In 2022, LLTK and the Nisqually Tribe began catching adult herring in the Nisqually Reach to determine their ages, sexes, and reproductive maturity, hoping to find mature herring that may be spawning nearby. Genetic analysis of these adult herring will help us learn more about herring populations in South Sound.

Guiding Steelhead Toward Survival

The Problem

Steelhead migrating out to the Salish Sea have a very low survival rate. Up to 50% of juvenile steelhead that make it to the Hood Canal Bridge do not survive past it. The fish swim near the surface, where the bridge pontoons create an obstruction, increasing fish densities and making the steelhead more vulnerable to predators.

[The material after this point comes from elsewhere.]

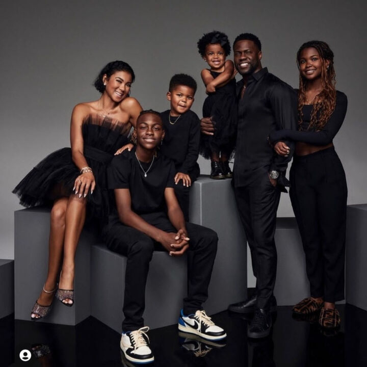 Popular comedian, Kevin Hart has jumped on Instagram to share a photo of his family. Him, his wife, Eniko Hart, their kids, and his kids from his first wife, Torrei Hart, all posed for a photoshoot, and fans have been reacting.

These fish can take a day or two to find their way past the bridge, when normally they take just a few hours to travel a similar distance through open reaches of the canal. Light, shade, and noise from the bridge may lend an advantage to predators but do not appear to directly contribute to fish mortality. Furthermore, certain portions of the bridge appear to collect plankton, encouraging hungry Chinook, chum, and forage fish to linger at the bridge, which could increase their susceptibility to predation.

Water quality modeling also shows that the bridge impacts temperature, salinity, and currents down to ~65 feet below the water surface and up to 3 miles away from the bridge. This dual threat to fish and their ecosystem may be limiting the effectiveness of millions of dollars already spent recovering steelhead, salmon, and their habitat in Hood Canal.

The Solution

Long Live the Kings, in partnership with the Hood Canal Coordinating Council, Tribes, and state and federal agencies, is working to address high steelhead mortality at this floating bridge.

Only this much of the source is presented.